Faszinierendes, berührendes Porträt - einmal anders! Super!

Voller Stern Voller Stern Voller Stern Voller Stern Voller Stern
naibenak Avatar

Von

Dass ich mal eine Biografie von vorn bis hinten durchlese, ist ein gutes Zeichen ;-) Oftmals bleibe ich irgendwo in der Mitte hängen und habe dann doch keine rechte Lust mehr… Aber hier ist es anders. Vielleicht liegt es an der besonderen Form: Florian Zinnecker hat Igor Levit mehrere Monate begleitet. Er hat über ihn geschrieben und ihn auch oft selbst reden lassen (Igor redet gern und viel). Dadurch gibt es in diesem Buch zwei Erzählperspektiven. Das macht es frisch und abwechslungsreich. Hinzu kommt, dass die Entstehung dieses Porträts mitten in die Corona-Pandemie-Zeit hineingeschlittert ist. Das Gefühl der plötzlichen Ohnmacht und Unsicherheit, das sich in der Bevölkerung breit gemacht hat, kam auch hier direkt und knallhart aufs Tapet.

Aber mal von vorn:

Igor Levit ist Sohn einer Musikerin und geboren in Russland. 1995 -acht Jahre nach seiner Geburt-siedelt die Familie nach Hannover über. Bereits damals ist Igor ein kleines Musikgenie und soll in Hannover bestmögliche Chancen für seinen weiteren Weg bekommen. Diese nutzt er in vollem Umfang und entwickelt sich unter der Anleitung seiner Mutter sowie verschiedener namhafter Lehrer zu einem der besten Pianisten weltweit. Aber der Erfolg bleibt ein bisschen auf der Strecke. Nicht zuletzt, weil Igor Levit auch aneckt. Er ist ein Mensch, der aus den konservativen Klassik-/Vermarktungsschiene ausbrechen will und muss. Er ist ein Mensch, der offen Position zu (politischen) Themen bezieht, die ihm auf der Seele brennen, gern auch mal vor Konzerten mit einigen Worten an sein Publikum. Dies bringt ihm allerdings auch Kritik bis hin zu Morddrohungen ein.

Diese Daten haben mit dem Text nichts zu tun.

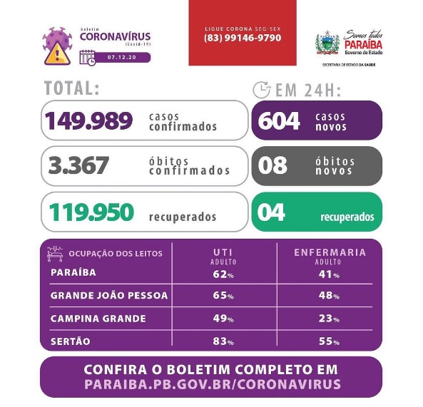 Nesta segunda, 07 de dezembro, a Paraíba registrou 604 novos casos de Covid-19 e 08 óbitos confirmados desde a última atualização, 02 deles ocorridos nas últimas 24h. Até o momento, 149.989 pessoas já contraíram a doença, 119.950 já se recuperaram e 3.367, infelizmente, faleceram. Até o momento, 479.257 testes para diagnóstico da Covid-19 já foram realizados.

Igor Levit ist sehr emotional, ehrgeizig, rastlos und lebt förmlich in seiner Klaviermusik. Umso dramatischer ist es, als ihm diese – seine – Arbeit wegen Corona von heute auf morgen unter den Füßen weggezogen wird. Seine Welt bricht zusammen. Er braucht Zuhörer für seine Musik und sucht sich ein anderes Publikum - er streamt spontan ab sofort Hauskonzerte aus seinem Wohnzimmer über Twitter…

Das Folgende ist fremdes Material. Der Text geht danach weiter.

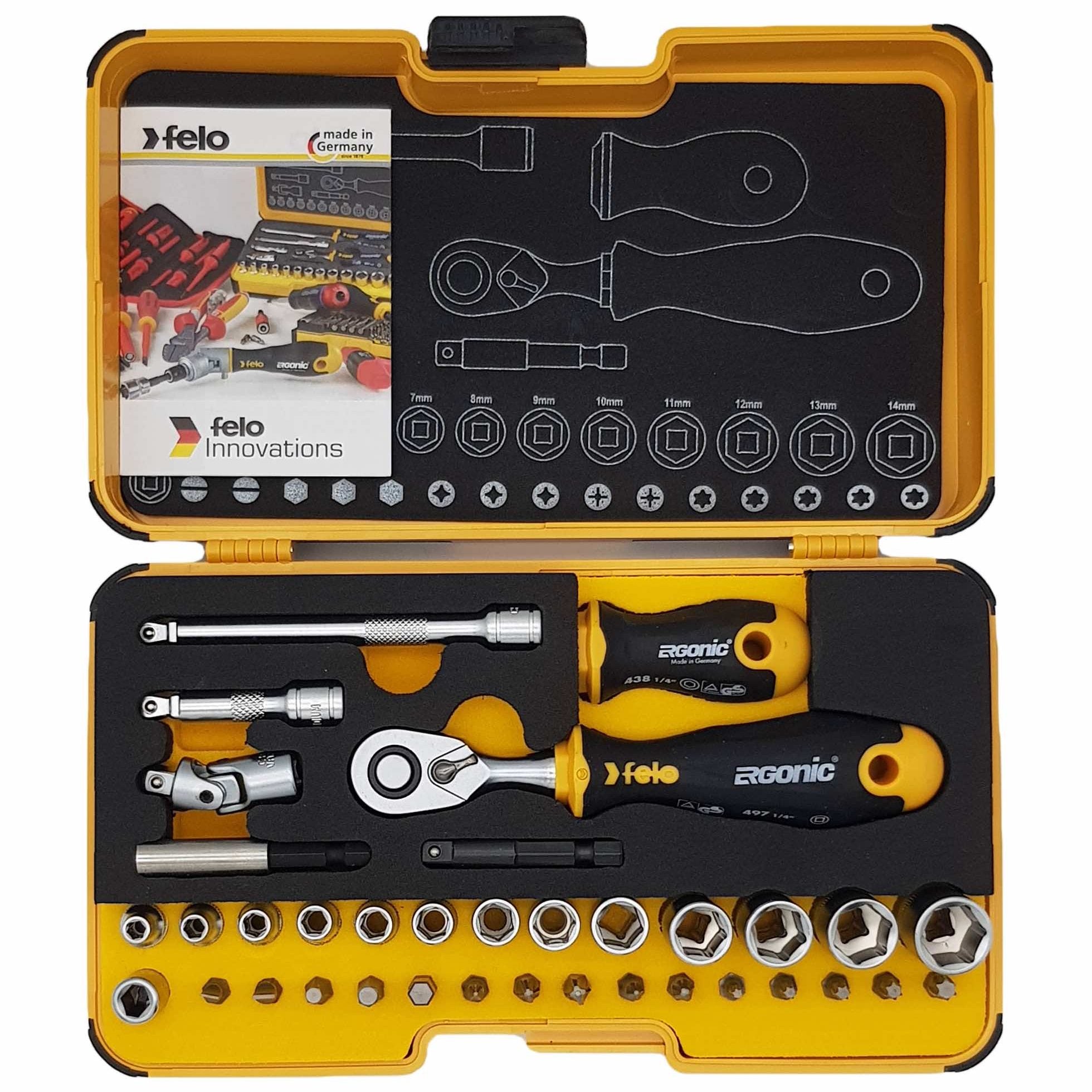 Felo 05783616 R-GO XL 36 piece Box Sockets, Bits Ergonic Ratchet, Metric

Mir hat der respektvolle, warmherzige Ton in diesem Porträt gefallen – ich bin oftmals sehr gefangen gewesen in den Beschreibungen über die Art und Weise, wie Levit musiziert. Auch hat mich der musikalische Werdegang fasziniert, die verschiedenen Lehrer mit ihren Tücken (Neid und Missgunst inklusive innerhalb der Lehrerschaft) – vieles erinnert mich an meine Jugend, in der auch ich eine klassische Klavierausbildung absolviert habe.

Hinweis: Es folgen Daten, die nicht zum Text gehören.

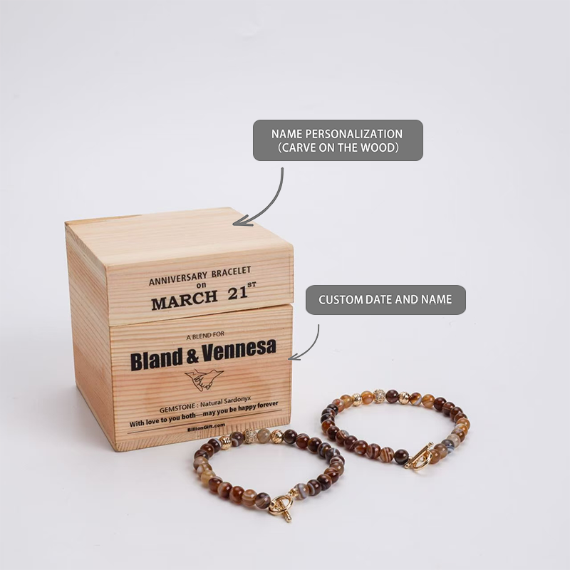 The wooden gift box lid can be engraved with your names and anniversary date.

Mit all diesem Hintergrundwissen zur Person Igor Levit habe ich nun große Lust ihn bald einmal (wieder) live zu erleben. Ich werde ihm mit anderen Ohren lauschen – so viel ist gewiss.

Danke an Florian Zinnecker für dieses „andere“ Porträt eines Ausnahmekünstlers. Es hat großen Spaß gemacht, fasziniert, auch aufgerüttelt und oftmals sehr berührt!